====== DATA TO EXAMINE

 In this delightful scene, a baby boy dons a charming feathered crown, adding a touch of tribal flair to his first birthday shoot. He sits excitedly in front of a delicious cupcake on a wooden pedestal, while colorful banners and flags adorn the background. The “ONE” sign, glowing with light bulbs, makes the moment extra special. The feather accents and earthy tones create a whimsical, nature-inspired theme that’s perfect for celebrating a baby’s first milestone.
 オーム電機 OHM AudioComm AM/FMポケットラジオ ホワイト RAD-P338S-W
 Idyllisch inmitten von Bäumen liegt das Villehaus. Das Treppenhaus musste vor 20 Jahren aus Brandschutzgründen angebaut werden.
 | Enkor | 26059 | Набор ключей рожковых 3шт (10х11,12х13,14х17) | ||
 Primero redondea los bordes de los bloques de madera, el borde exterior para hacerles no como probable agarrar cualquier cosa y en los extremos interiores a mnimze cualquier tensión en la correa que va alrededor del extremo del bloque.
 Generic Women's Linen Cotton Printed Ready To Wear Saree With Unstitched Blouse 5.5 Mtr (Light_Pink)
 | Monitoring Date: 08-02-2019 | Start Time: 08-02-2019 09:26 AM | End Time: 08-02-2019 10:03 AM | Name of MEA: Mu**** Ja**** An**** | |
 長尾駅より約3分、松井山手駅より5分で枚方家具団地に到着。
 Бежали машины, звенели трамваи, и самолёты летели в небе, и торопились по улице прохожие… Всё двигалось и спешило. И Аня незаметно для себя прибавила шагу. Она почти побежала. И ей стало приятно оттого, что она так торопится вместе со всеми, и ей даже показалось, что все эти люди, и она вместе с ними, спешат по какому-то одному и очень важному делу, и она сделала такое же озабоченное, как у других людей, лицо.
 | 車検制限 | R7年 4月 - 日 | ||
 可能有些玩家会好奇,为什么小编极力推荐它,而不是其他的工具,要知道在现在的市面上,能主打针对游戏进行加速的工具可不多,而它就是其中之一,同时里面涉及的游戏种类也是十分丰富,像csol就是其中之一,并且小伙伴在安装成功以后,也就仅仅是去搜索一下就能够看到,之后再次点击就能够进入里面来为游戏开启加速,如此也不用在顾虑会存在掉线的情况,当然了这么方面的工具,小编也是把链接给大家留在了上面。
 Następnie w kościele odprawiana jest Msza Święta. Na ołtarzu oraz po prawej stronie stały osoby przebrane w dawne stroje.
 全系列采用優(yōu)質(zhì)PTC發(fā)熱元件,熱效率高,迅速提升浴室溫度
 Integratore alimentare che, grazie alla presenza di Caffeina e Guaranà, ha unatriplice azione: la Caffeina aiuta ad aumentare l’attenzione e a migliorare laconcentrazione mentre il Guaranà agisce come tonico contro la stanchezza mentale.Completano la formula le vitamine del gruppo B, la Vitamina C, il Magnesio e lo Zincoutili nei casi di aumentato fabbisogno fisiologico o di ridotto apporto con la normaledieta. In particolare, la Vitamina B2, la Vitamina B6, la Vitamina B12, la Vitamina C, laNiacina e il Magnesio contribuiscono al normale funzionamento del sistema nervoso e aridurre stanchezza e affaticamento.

============

TRY IT
An exact copy of the lines above, from the one containing "Idyllisch inmitten von" through the one containing "Generic Women's Linen", is the whole of the answer.

ANSWER TO THE EXERCISE
 Idyllisch inmitten von Bäumen liegt das Villehaus. Das Treppenhaus musste vor 20 Jahren aus Brandschutzgründen angebaut werden.
 | Enkor | 26059 | Набор ключей рожковых 3шт (10х11,12х13,14х17) | ||
 Primero redondea los bordes de los bloques de madera, el borde exterior para hacerles no como probable agarrar cualquier cosa y en los extremos interiores a mnimze cualquier tensión en la correa que va alrededor del extremo del bloque.
 Generic Women's Linen Cotton Printed Ready To Wear Saree With Unstitched Blouse 5.5 Mtr (Light_Pink)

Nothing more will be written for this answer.